-- TASK PROMPT --
Return, with both end lines included, exactly what the data below holds from the line with "اقرأ مغامرات من" through the line with "Sebagai bagian upaya", though not the pictures.

+---+

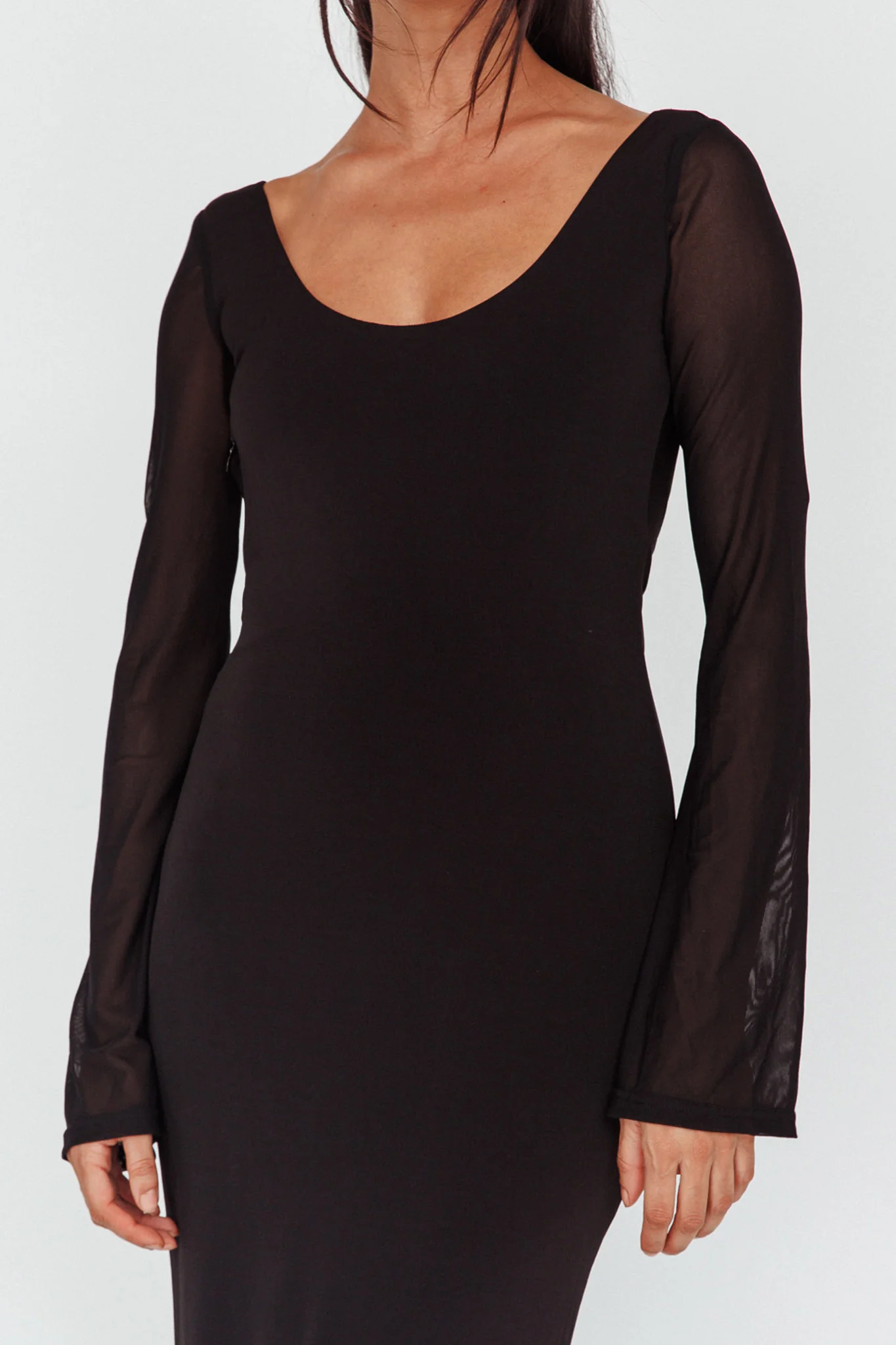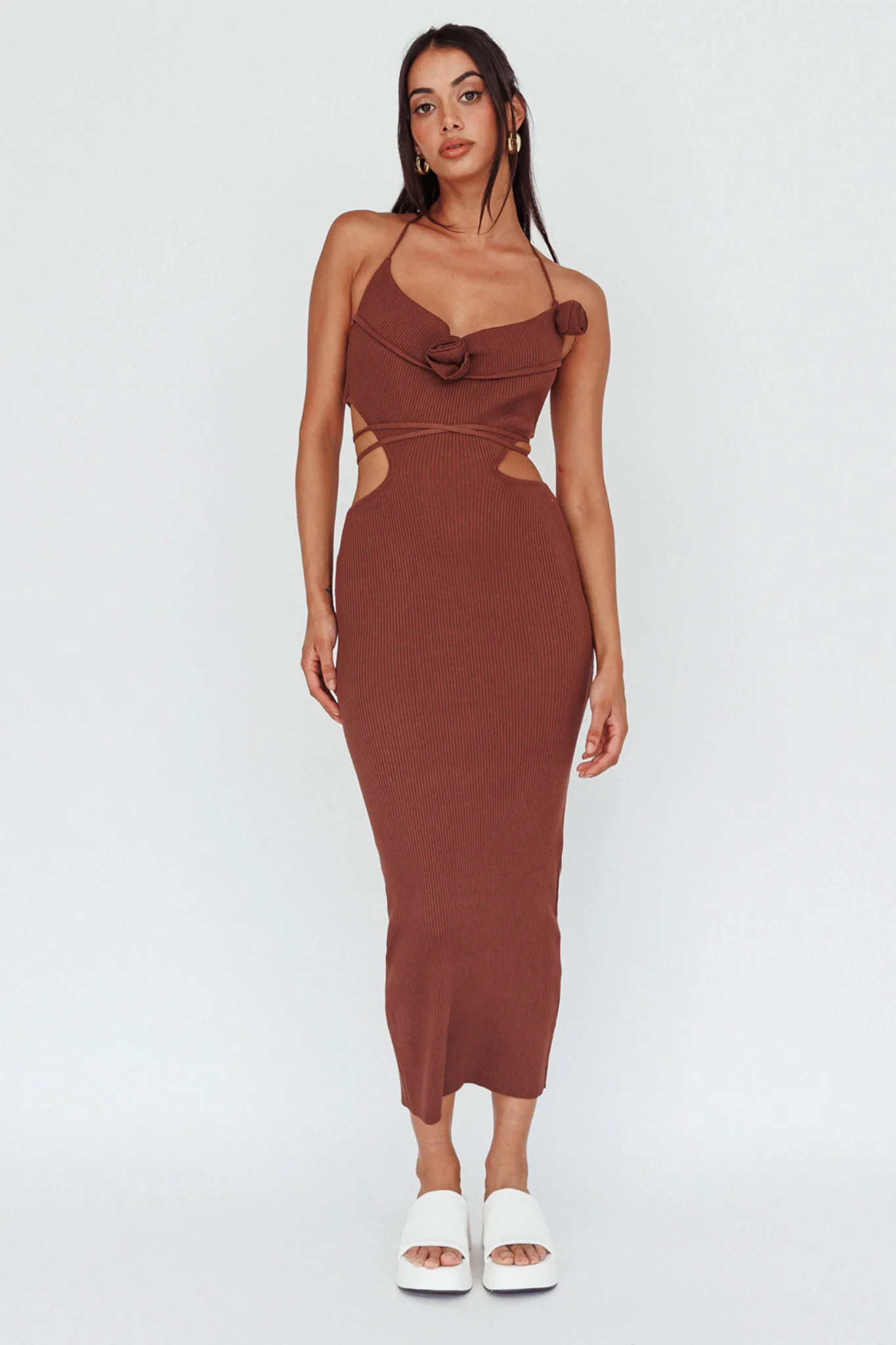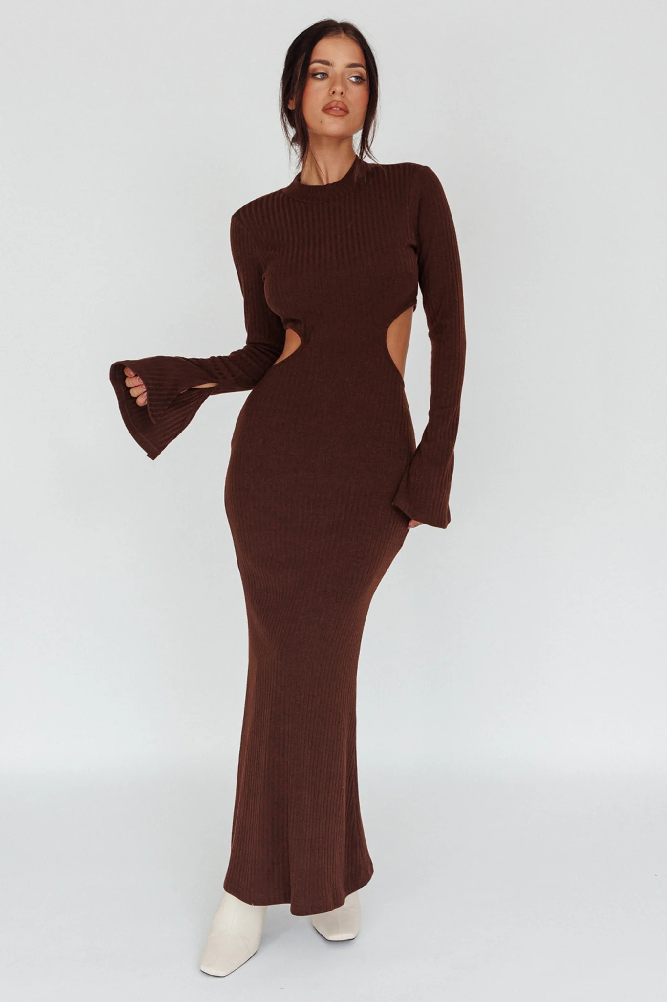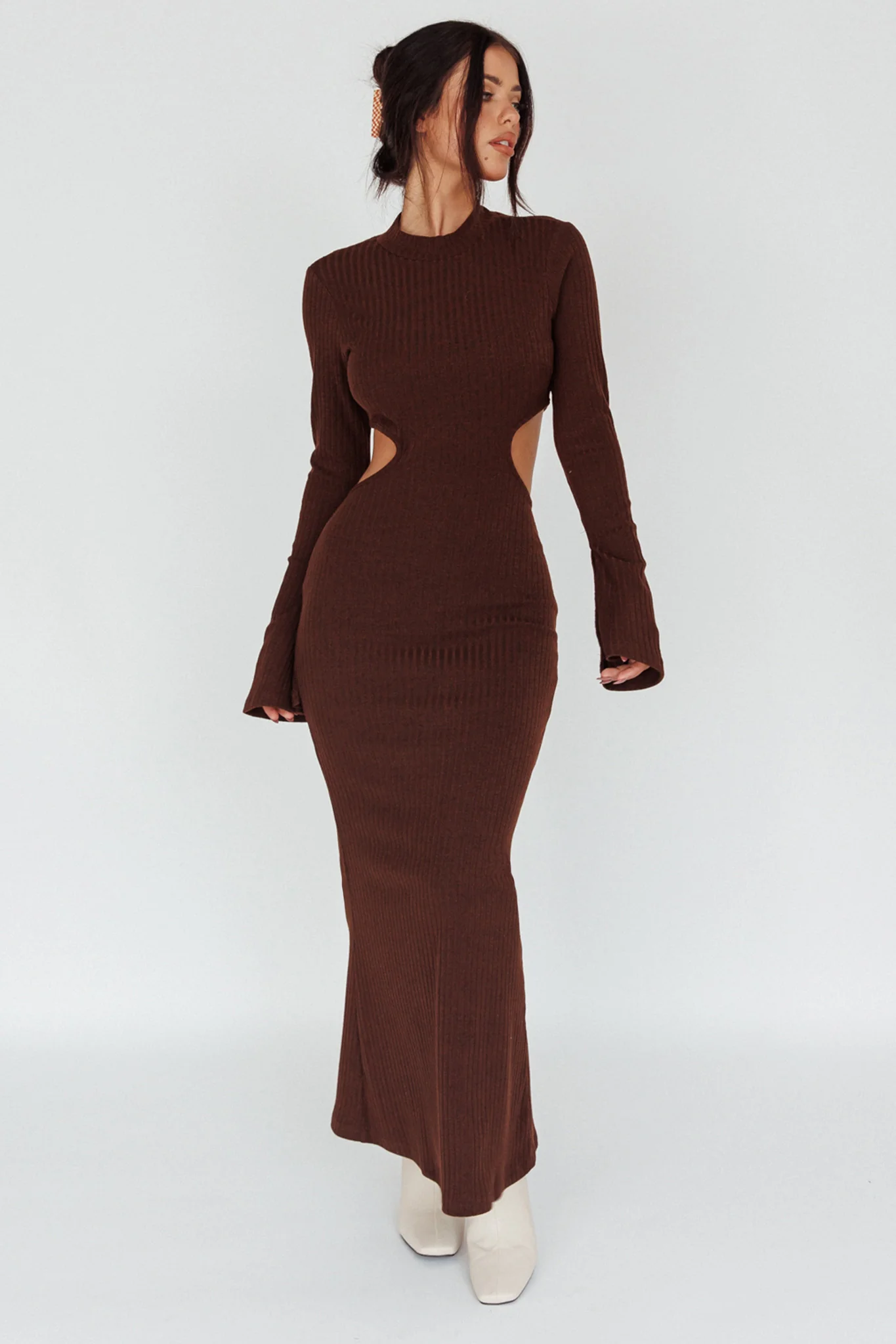 Shianne Long Sleeve Knit Maxi Dress Chocolate
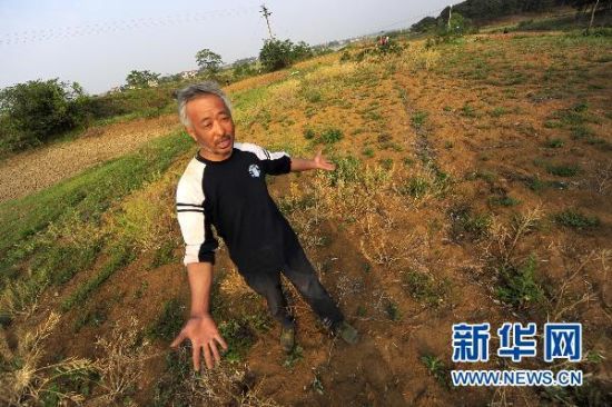 湖北省孝昌县花西乡幸光村二组的黄胜华家里的油菜由于干旱几乎绝收(5月3日摄)。
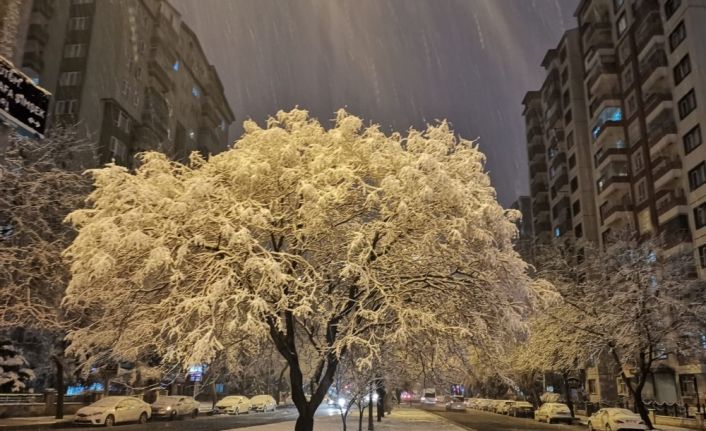 Kayseri’ye gün boyu etkili olan şiddetli rüzgarın ardından başlayan kar yağışı kenti beyaza bürüdü.
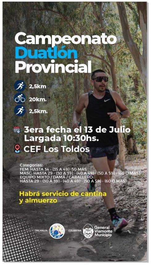 Este domingo 13 en Los Toldos (BsAs) Duatlon.
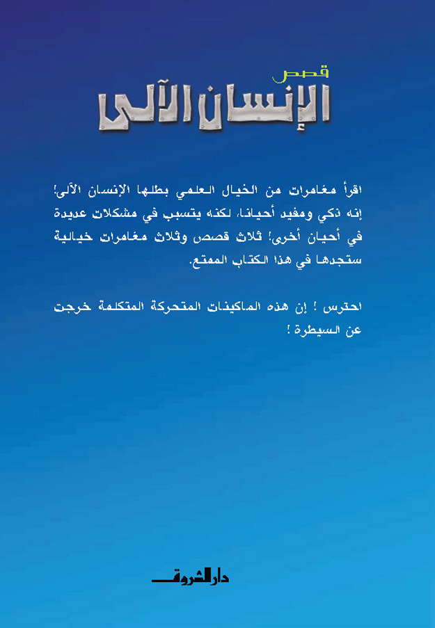 اقرأ مغامرات من الخيال العلمي بطلها الإنسان الآلي. إنه ذكيّ ومُفيد أحيانًا، لكنه يتسبَّب في مشاكلَ عديدة في أحيانٍ أخرى! ثلاث قصص وثلاث مغامرات خيالية ستجدها في هذا الكتاب الممتع، ولكن احترس، فهذه الماكينات المتحركة المتكلمة خرجتْ عن السيطرة!
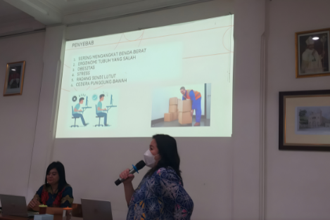 Sebagai bagian upaya mewujudkan hidup sehat tanpa nyeri, Tim Medis RS Brayat Minulya mengajak peserta Rapat Kepala Sekolah Yayasan Kanisius Cabang Surakarta melakukan latihan gerakan duduk yang benar saat bekerja, duduk saat posisi bekerja didepan meja komputer, melakukan gerakan peregangan otot ketika duduk dalam waktu yang cukup lama serta mengambil benda atau memindah benda dengan menjaga otot-otot punggung.
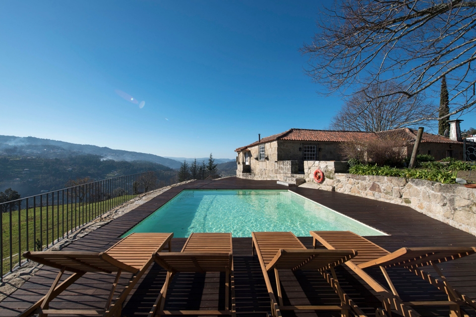 O alojamento é apenas um dos 13 edifícios espalhados pela Quinta de Pinhete, rasgada pela Estrada Nacional 108, que aguardam a sua vez para serem recuperados pela família. “A quinta era produtora de vinho, mas com o crescimento do turismo acabamos por mudar o conceito e reconverter a propriedade”, partilha Aníbal. A transformação não se ficou apenas pela casa. Os sete hectares de vinha que rodeavam a quinta deram lugar a um parque, que juntamente com os jardins oferece uma boa dose de espaços verdes para explorar. Os hóspedes têm ainda à disposição uma piscina panorâmica de água salgada com vista para o rio, as montanhas e o vale, e uma apetecível varanda, que convida a um copo de vinho ao final da tarde.
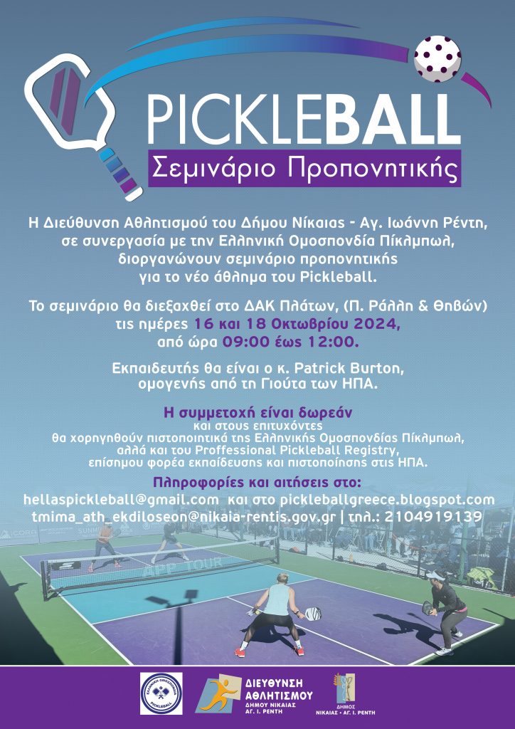 Δωρεάν Σεμινάριο Προπονητικής για το νέο άθλημα του Pickleball, διοργανώνει η Διεύθυνση Αθλητισμού Δήμου Νίκαιας – Αγ. Ιωάννη Ρέντη σε συνεργασία με την Ελληνική Ομοσπονδία Pickleball στο Δημοτικό Αθλητικό Κέντρο «ΠΛΑΤΩΝ» (Π. Ράλλη & Θηβών) στις 16 και 18 Οκτωβρίου από τις 9.00 π.μ- 12.00 μ.μ. Εκπαιδευτής θα είναι ο κ. Patrick Burton, ομογενής από τη Γιούτα των ΗΠΑ. Στους επιτυχόντες
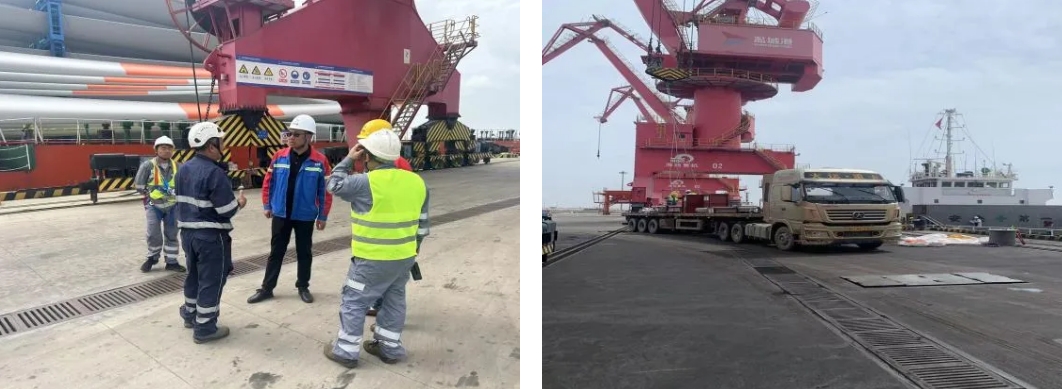 作業過程中,射陽港區選派經驗豐富、素質過硬的門機司機進行卸船作業,根據貨輪進港前期雙方制定的裝貨方案與綁扎方案,全力攻堅推進裝卸作業圓滿完成。“加快速度!確保安全!我們盡量在30個小時內完成這批貨物的裝卸!”他的聲音再次響起,不斷激勵著碼頭全體作業人員。
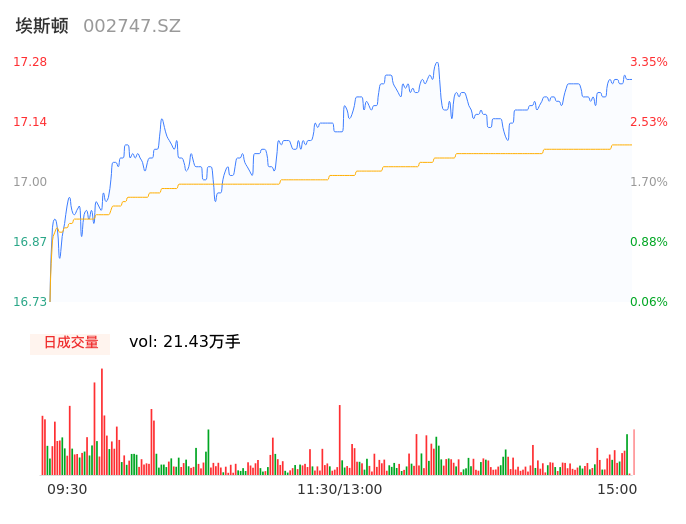04月26日,埃斯顿收报17.25,股价涨幅3.17%,成交金额3.66亿元,换手率2.72%。
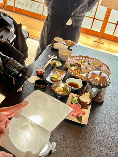 そして国の重要文化財に指定されている的山荘では「ひじ雛めぐり」限定メニューを頂きました。籠森に春を感じさせるお料理が小鉢で並び、また牛肉のしゃぶしゃぶやフグのたたきなど、素材の味を生かしつつ、的山荘でしか味わえない繊細で豪華なお料理が満載でした。室内も明治時代の波ガラスが使用されていたり、随所に趣を感じました。
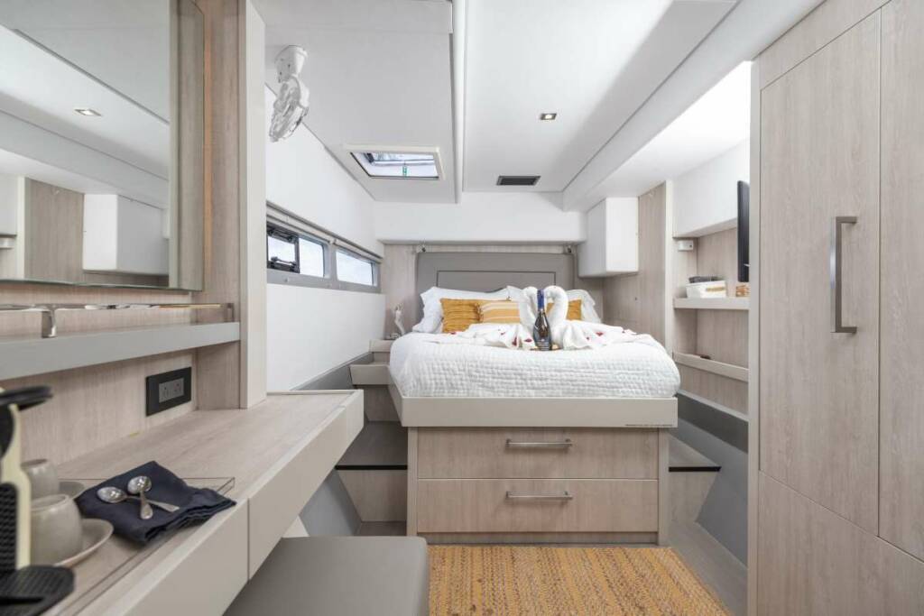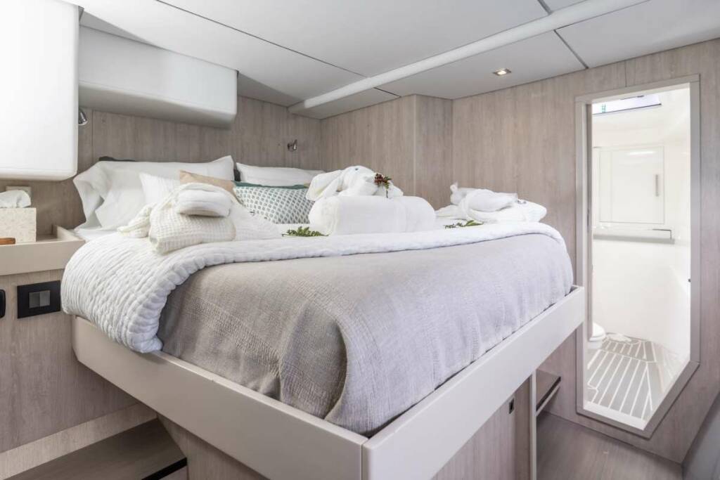 Accommodation: The Master Suite — A private sanctuary complete with a queen berth, spacious en-suite, air conditioning and its own coffee and espresso station for mornings on your terms. refined linens and curated details create
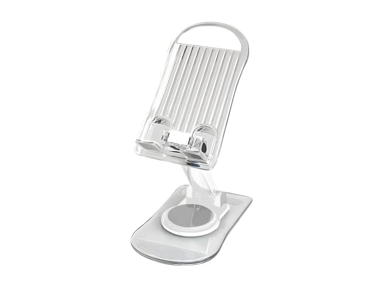 - (1) XIYIASUN Adjustable Angle Clear Cell Phone Stand,Acrylic Cell Phone Stand for Desk,360 Degree Rotating Foldable Acrylic Phone Holder for iPhone Samsung Galaxy
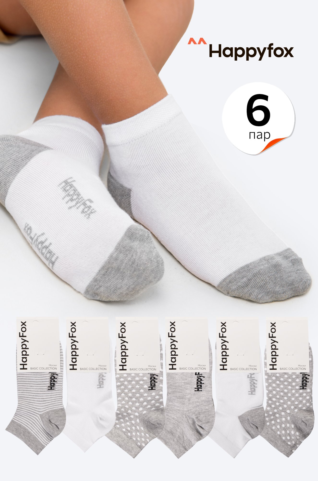 Комфортная база на каждый день! Набор детских носков из 6 пар для девочек и мальчиков выполнен из мягкого хлопка. Легкая пряжа отлично пропускает воздух и делает носочки для детей и подростков идеальными для летних и осенних дней. Носки представлены в серо-белой цветовой гамме и украшены разными рисунками.

+---+

-- EXERCISE RESPONSE --
 اقرأ مغامرات من الخيال العلمي بطلها الإنسان الآلي. إنه ذكيّ ومُفيد أحيانًا، لكنه يتسبَّب في مشاكلَ عديدة في أحيانٍ أخرى! ثلاث قصص وثلاث مغامرات خيالية ستجدها في هذا الكتاب الممتع، ولكن احترس، فهذه الماكينات المتحركة المتكلمة خرجتْ عن السيطرة!
 Sebagai bagian upaya mewujudkan hidup sehat tanpa nyeri, Tim Medis RS Brayat Minulya mengajak peserta Rapat Kepala Sekolah Yayasan Kanisius Cabang Surakarta melakukan latihan gerakan duduk yang benar saat bekerja, duduk saat posisi bekerja didepan meja komputer, melakukan gerakan peregangan otot ketika duduk dalam waktu yang cukup lama serta mengambil benda atau memindah benda dengan menjaga otot-otot punggung.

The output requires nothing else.